It’s pretty much impossible to walk into a Warriors game nowadays without knowing what to expect. That said, you would think that the next-generation being ushered in would be a good reason for developer Omega Force to re-tinker the series’ core mechanics. Unfortunately, if Samurai Warriors 4 is anything to go by, the team seems to be more than happy with throwing in different modes to appease fans rather than re-hauling the series’ most blatant plague — its enemy AI.
I know it’s a lot easier to say, “Hey, give the thousands of enemies onscreen really good AI!” than actually implementing them. I totally get that having the massive armies onscreen (especially on the newer platforms) is good eye-candy and keeping them on the more simple side makes the series more accessible, but it wouldn’t hurt if at least the officers were smarter than the suicidal minions. Omega Force’s idea of a bigger challenge is slapping a larger health bar on an enemy and making their rare attacks incredibly powerful, and that’s neither fun or compelling. Of course, when your series has sold above the 34 million mark and apparently shows no signs of slowing down with titles like Warriors Orochi 3 Ultimate and Hyrule Warriors proving so, there seems to be no incentive to change a formula that isn’t outright broken.
If you’re okay with the AI that continues to be untouched, that’s totally fine. I get where the enjoyment comes from in these games because I’ll often get caught up in it as well when my brain is completely shut off and I have my couch pal tagging along with me. It’s just frustrating and disappointing that after almost fifteen years, Omega Force doesn’t seem like it has any intention of touching the series’ AI at all. I just can’t help but wonder how much more enjoyable the Warriors franchise could be if it could evolve its three-button combat. I personally wouldn’t care if they shrunk the amount of enemies and the battlefields themselves if I could swap weapons on the fly and block/parry attacks from much more engaging enemies. Until then, I’ll just keep fantasizing about this dream Warriors game.
Now that I got the most egregious problem off my chest, I can move on to the other aspects of Samurai Warriors 4.
The game is anchored by two beefy modes, and its Story Mode is based off the Sengoku period of Japan. If you were to Google image Samurai Warriors 4, it’d go without saying that the actual events the game is based on have been modified to say the least. Much like the more popular Dynasty Warriors franchise, you could technically take Samurai Warriors 4 in as an incredibly bizarre history lesson. The story is divided into 13 main categories that each host their own series of missions and certain characters, and the roster ultimately reaches over 50, amounting to the largest Samurai Warriors game yet.

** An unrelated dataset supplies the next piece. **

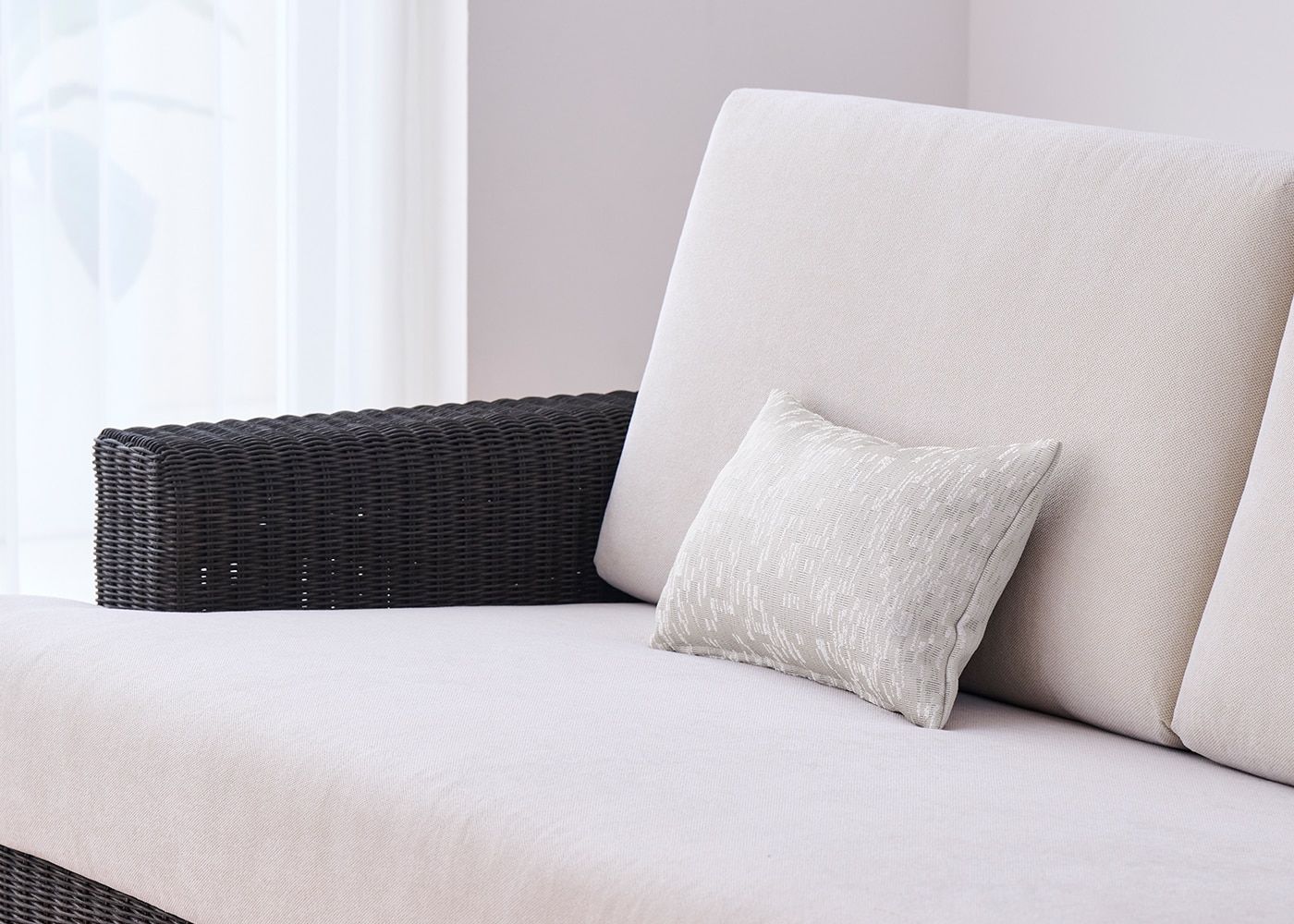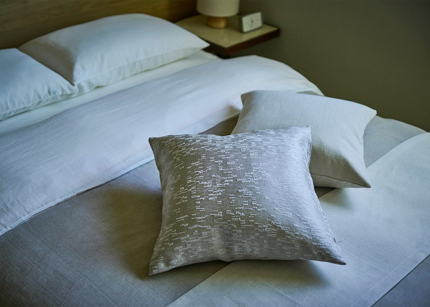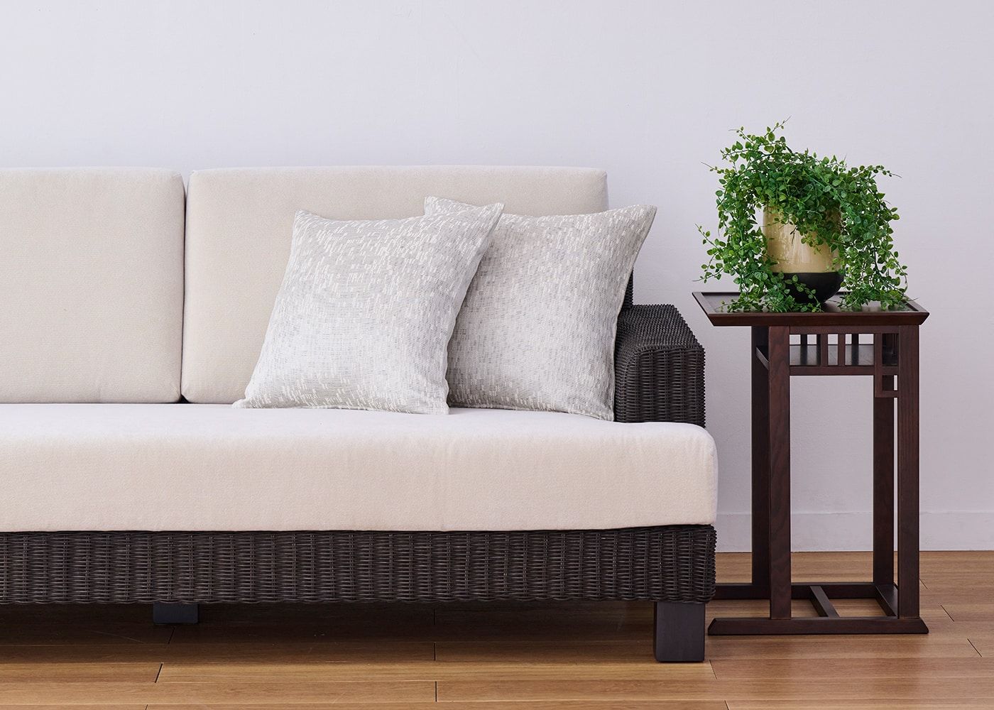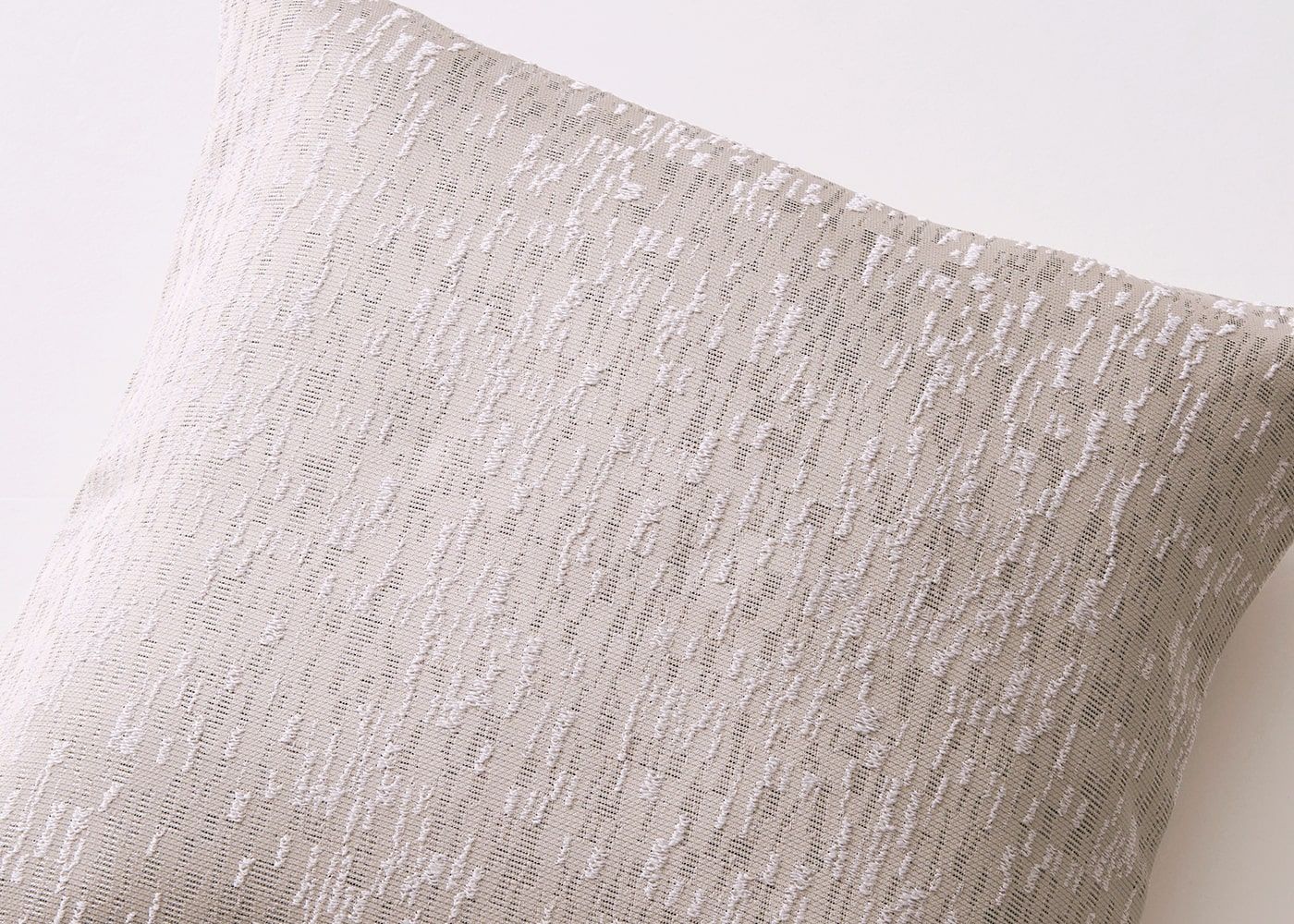 凹凸感のある糸を織り込むことで、石肌のような素材感を実現したクッションカバー (リオライト)。2色のカラーバリエーションからお好みのカラーをお選びください。(写真は450×450タイプ)

It’s good fun trying out different characters and finding your own personal favorite Musou attacks. Every character has a unique weapon, ranging from your basic swords to demolition charges and guns. It’s definitely appreciated that you’ll at least be trying out a vast variety of characters when facing all those hordes of no-brain soldiers. As for the quality of the stories, well, they definitely vary from lifeless to mediocre. As with any Warriors game, most people don’t come in demanding an amazing tear-jerker of a story, so it’s okay that the game doesn’t go out of its way to ensure that it excels in this department.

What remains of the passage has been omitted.